# Does everyone's Look bike have toe overlap with front wheel?



## rensho (Aug 5, 2003)

While building mine, I kept noticing the front wheel is terribly close to the DT. After getting the cranks on, I clipped my size 42 sidis on and what do you know... about 3/8" overlap.
I don't have the fork in backwards do I? ;-)

This is a 585, 53cm


----------



## Kram (Jan 28, 2004)

I've had 3 Looks. Never had a problem. I wear a size 44 fwiw.


----------



## ChristianB (Jul 27, 2004)

ditto, except im a 45...

No probs


----------



## rensho (Aug 5, 2003)

Might it be these giant 170mm crank arms I'm running? ;-)

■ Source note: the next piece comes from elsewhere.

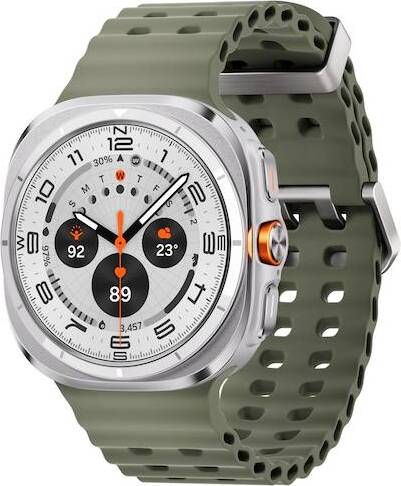 Samsung Galaxy Watch Ultra Titanium White — умные часы премиум-класса с крупным экраном диагональю 47 мм , выполненными в элегантном исполнении: корпус Titanium White и яркий ремешок Marine/Green (M/L).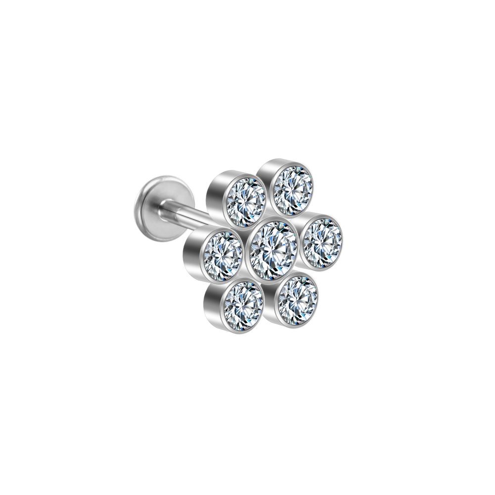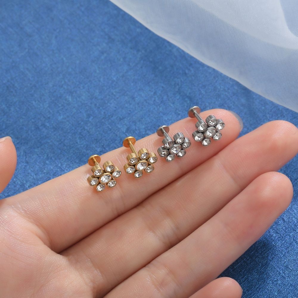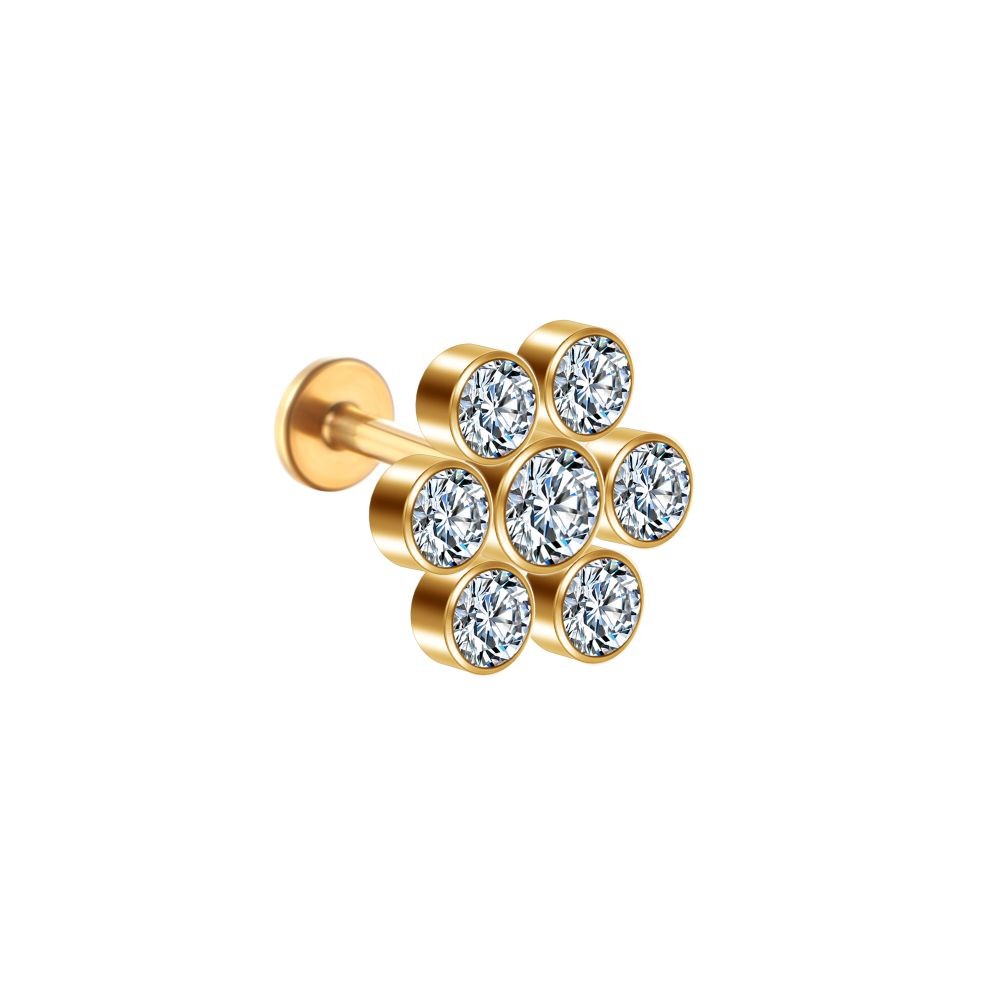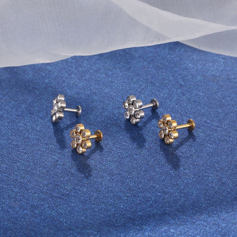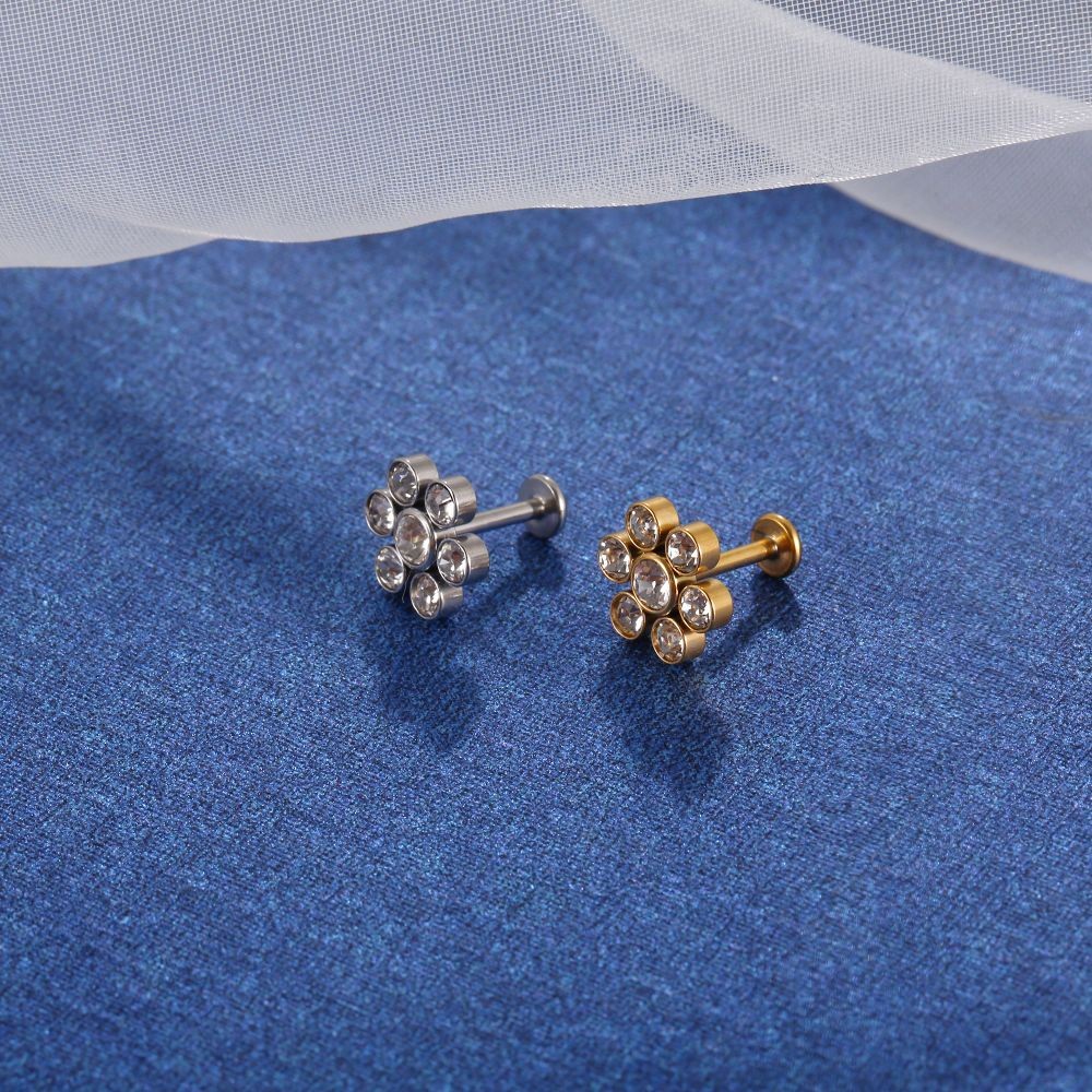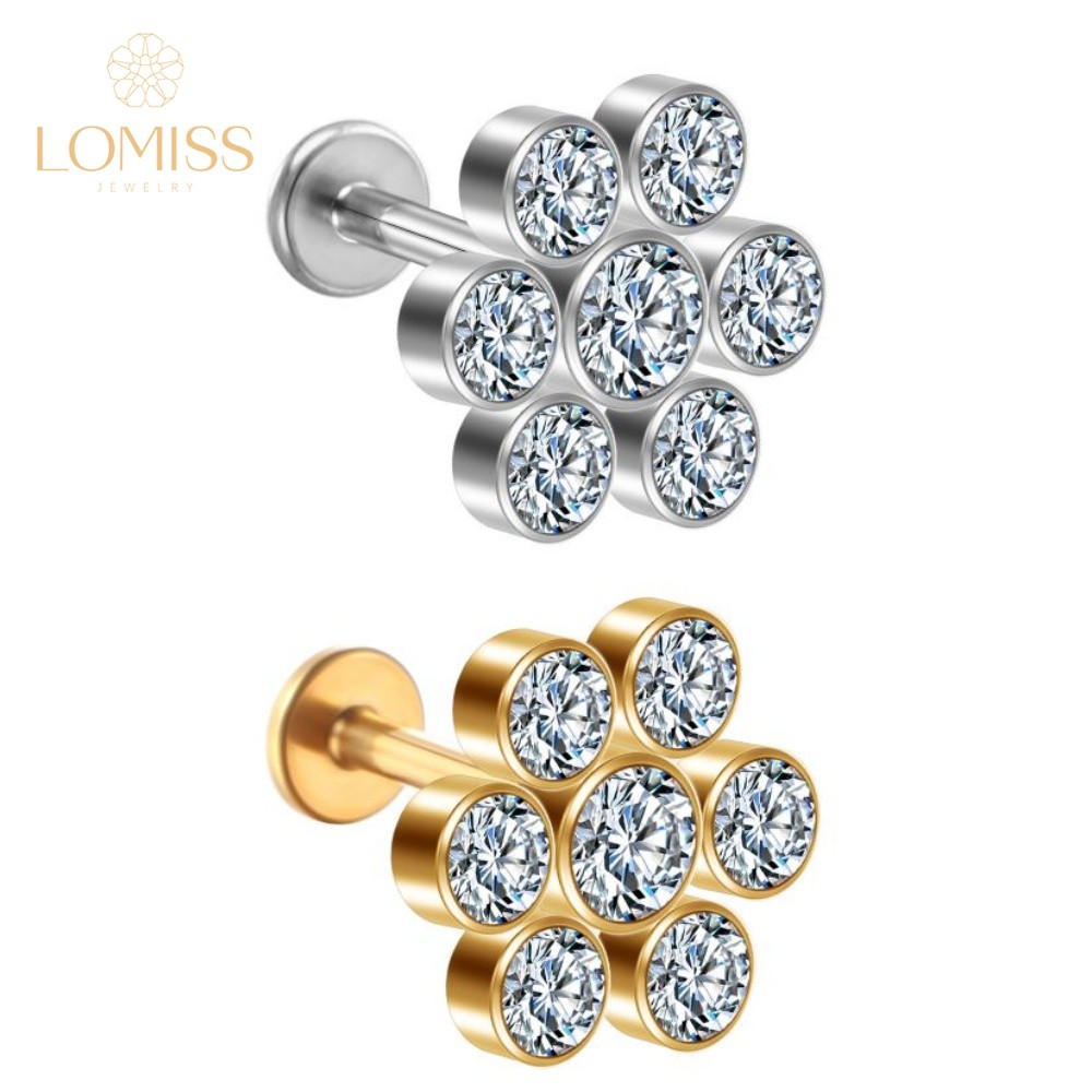 Lomiss Piercing Helix Tragus Conch Labret Aço Cirúrgico Pvd Flor Strass

I just put the shoe on the bike again to check. At a certain angle, toe up, they'll just clear. If toe a little down, as in heel up, they hit about 1/4 to 3/8".


----------



## RocketDog (Apr 9, 2005)

*Smaller bikes=Overlap*

Shorter your toptube, the closer the bottom bracket is to the front wheel, generally. The slacker seat tube angle many Looks have exaggerates this effect.

My Look:
53cm (53.8 toptube)
172.5 cranks
43 sidis
toe overlap... yep.

It doesn't bother me. Just have to be careful while turning at low speed. It takes me a while to adjust when I hop on my mountain bike or cross bike. I keep forgetting that I can turn sharply and pedal at the same time. Really, toe overlap not that uncommon and nothing to worry about on a road bike.


----------



## frenchmb (Dec 22, 2004)

Have two Looks both 53's and have the toe overlap.


----------



## spookyload (Jan 30, 2004)

My 53cm 481 had it bad with my size 42 shoes. The size M 585 has a slight overlap. Never caused an issue as I never turn the bars that much on a road bike while riding it.


----------



## rensho (Aug 5, 2003)

I'm not worried, just surprised.
I kinda thought only track bikes these days have overlap. Guess that's not the case.


----------